> [Supplied data]

--------

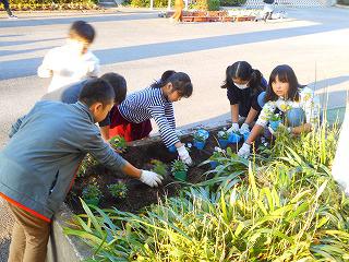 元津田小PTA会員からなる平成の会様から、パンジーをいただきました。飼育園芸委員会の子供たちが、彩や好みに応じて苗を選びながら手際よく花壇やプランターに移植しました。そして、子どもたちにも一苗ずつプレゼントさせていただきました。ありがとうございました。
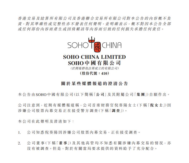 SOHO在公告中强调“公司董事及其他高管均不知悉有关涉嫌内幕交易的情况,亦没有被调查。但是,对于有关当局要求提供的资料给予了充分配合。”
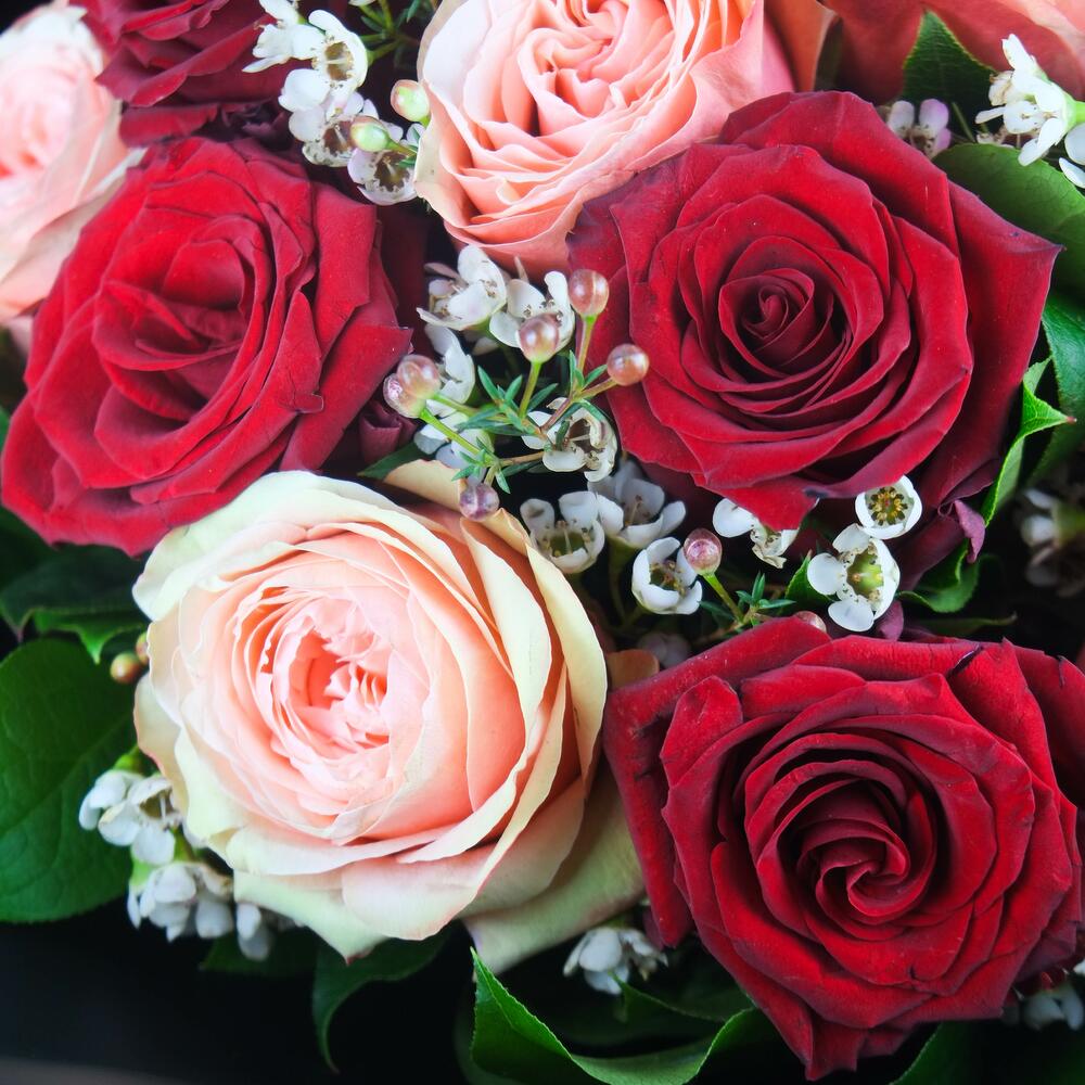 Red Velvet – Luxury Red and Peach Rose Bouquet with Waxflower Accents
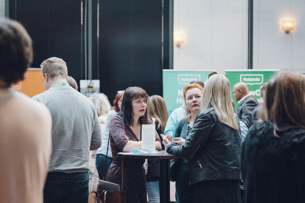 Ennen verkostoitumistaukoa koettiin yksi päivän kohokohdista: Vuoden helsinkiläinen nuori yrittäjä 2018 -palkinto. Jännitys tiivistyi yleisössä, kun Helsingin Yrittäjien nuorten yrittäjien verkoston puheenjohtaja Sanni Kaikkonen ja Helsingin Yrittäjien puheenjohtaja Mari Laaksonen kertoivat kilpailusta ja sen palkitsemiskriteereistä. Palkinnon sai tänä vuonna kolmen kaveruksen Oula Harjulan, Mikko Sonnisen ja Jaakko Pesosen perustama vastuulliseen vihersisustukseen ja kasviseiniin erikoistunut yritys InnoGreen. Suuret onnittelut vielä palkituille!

--------

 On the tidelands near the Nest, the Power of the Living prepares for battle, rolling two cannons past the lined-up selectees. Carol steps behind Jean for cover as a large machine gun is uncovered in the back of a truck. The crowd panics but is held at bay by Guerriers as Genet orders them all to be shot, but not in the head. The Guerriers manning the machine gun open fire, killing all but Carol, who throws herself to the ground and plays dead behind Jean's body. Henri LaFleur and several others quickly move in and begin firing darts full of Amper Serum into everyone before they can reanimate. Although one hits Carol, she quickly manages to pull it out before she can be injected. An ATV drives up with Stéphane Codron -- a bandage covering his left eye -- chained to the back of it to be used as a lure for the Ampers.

--------

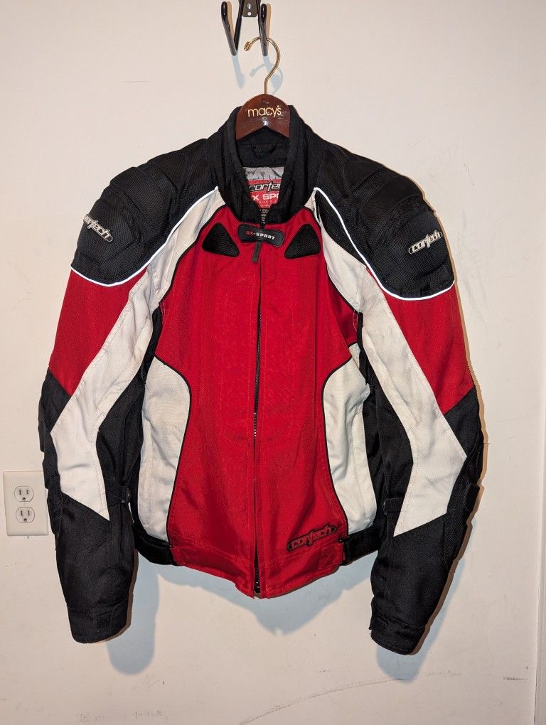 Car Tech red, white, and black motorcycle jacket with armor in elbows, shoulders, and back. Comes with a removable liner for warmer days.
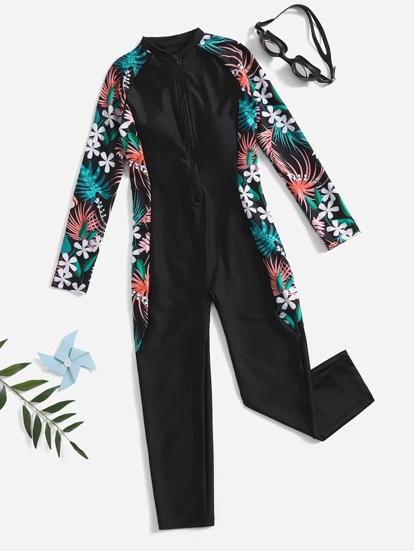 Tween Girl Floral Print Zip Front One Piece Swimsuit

--------

Pictures in the entries do not go into the copy. Print only the lines starting at the one containing "元津田小PTA会員からなる平" and ending at the one containing "Ennen verkostoitumistaukoa koettiin", exactly as they appear.

 元津田小PTA会員からなる平成の会様から、パンジーをいただきました。飼育園芸委員会の子供たちが、彩や好みに応じて苗を選びながら手際よく花壇やプランターに移植しました。そして、子どもたちにも一苗ずつプレゼントさせていただきました。ありがとうございました。
 SOHO在公告中强调“公司董事及其他高管均不知悉有关涉嫌内幕交易的情况,亦没有被调查。但是,对于有关当局要求提供的资料给予了充分配合。”
 Red Velvet – Luxury Red and Peach Rose Bouquet with Waxflower Accents
 Ennen verkostoitumistaukoa koettiin yksi päivän kohokohdista: Vuoden helsinkiläinen nuori yrittäjä 2018 -palkinto. Jännitys tiivistyi yleisössä, kun Helsingin Yrittäjien nuorten yrittäjien verkoston puheenjohtaja Sanni Kaikkonen ja Helsingin Yrittäjien puheenjohtaja Mari Laaksonen kertoivat kilpailusta ja sen palkitsemiskriteereistä. Palkinnon sai tänä vuonna kolmen kaveruksen Oula Harjulan, Mikko Sonnisen ja Jaakko Pesosen perustama vastuulliseen vihersisustukseen ja kasviseiniin erikoistunut yritys InnoGreen. Suuret onnittelut vielä palkituille!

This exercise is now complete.